───── Available records ─────

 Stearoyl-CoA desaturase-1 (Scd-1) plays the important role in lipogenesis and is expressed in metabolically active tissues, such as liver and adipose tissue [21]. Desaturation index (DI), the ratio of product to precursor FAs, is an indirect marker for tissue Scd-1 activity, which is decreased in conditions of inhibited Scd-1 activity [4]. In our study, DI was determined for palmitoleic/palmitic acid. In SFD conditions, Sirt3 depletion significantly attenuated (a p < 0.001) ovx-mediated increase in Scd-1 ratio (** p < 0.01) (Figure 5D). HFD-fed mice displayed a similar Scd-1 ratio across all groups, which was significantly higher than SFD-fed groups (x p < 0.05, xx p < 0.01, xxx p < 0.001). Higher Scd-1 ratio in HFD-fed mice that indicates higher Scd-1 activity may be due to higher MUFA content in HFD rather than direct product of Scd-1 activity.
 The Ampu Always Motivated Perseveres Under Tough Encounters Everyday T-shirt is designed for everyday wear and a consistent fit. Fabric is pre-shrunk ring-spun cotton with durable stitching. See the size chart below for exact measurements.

─────
───── Available records ─────

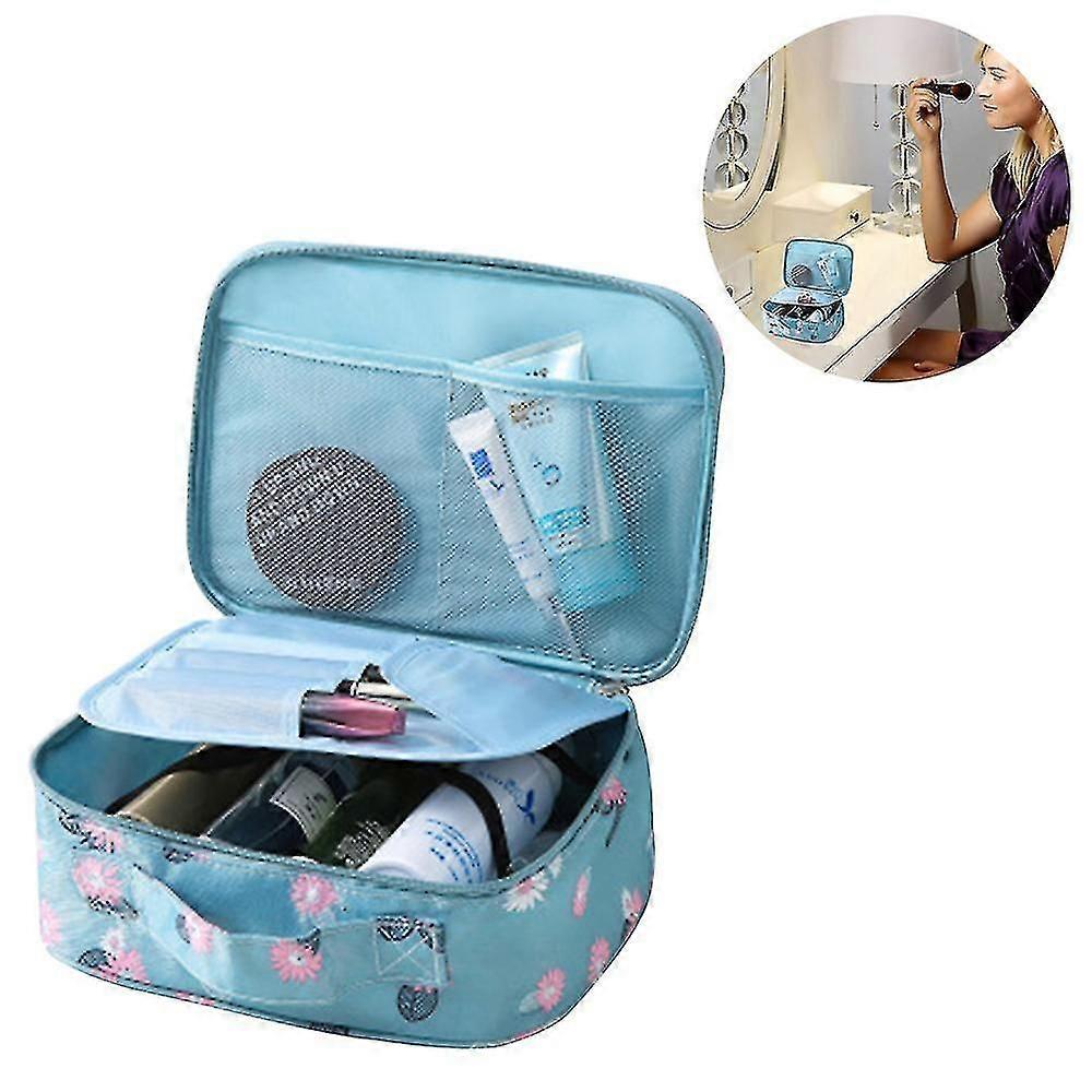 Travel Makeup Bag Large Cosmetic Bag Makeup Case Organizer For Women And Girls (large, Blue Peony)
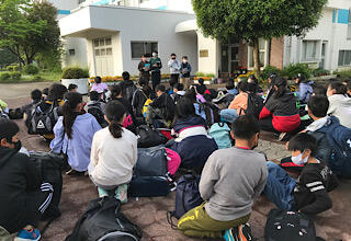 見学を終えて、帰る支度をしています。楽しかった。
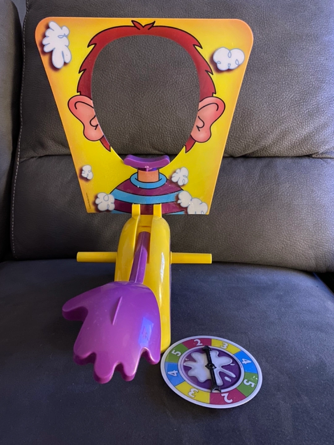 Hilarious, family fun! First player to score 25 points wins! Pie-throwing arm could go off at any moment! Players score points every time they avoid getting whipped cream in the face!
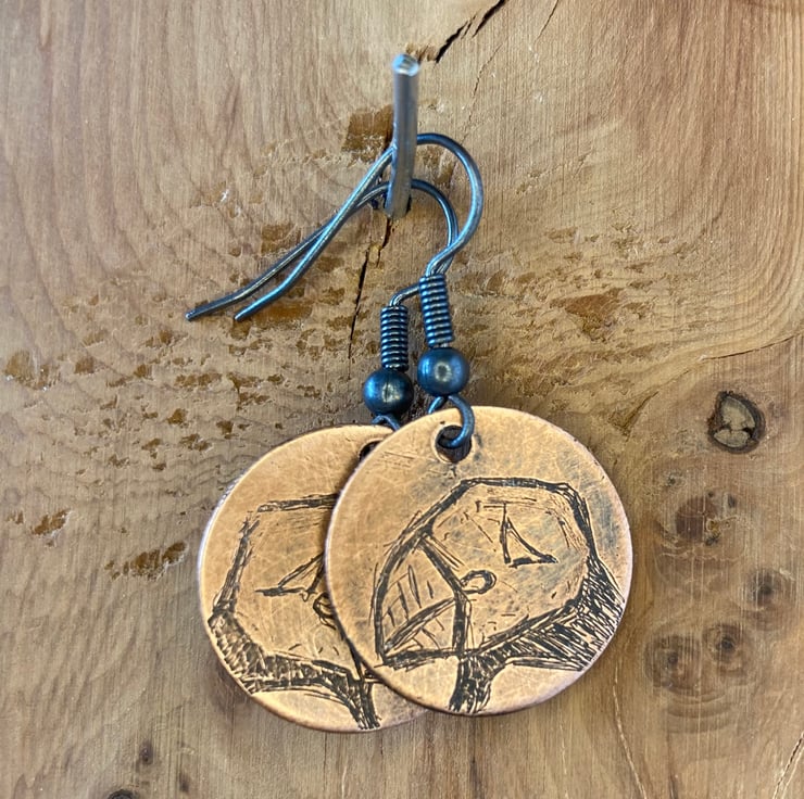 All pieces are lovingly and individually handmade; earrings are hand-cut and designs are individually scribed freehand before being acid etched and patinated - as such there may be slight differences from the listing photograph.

─────

→ **Description of the task**
The stretch to restate runs from the line above containing "Travel Makeup Bag" through the line containing "Hilarious, family fun!". Copy it word for word, ends included, without pictures.

→ **Expected answer**
 Travel Makeup Bag Large Cosmetic Bag Makeup Case Organizer For Women And Girls (large, Blue Peony)
 見学を終えて、帰る支度をしています。楽しかった。
 Hilarious, family fun! First player to score 25 points wins! Pie-throwing arm could go off at any moment! Players score points every time they avoid getting whipped cream in the face!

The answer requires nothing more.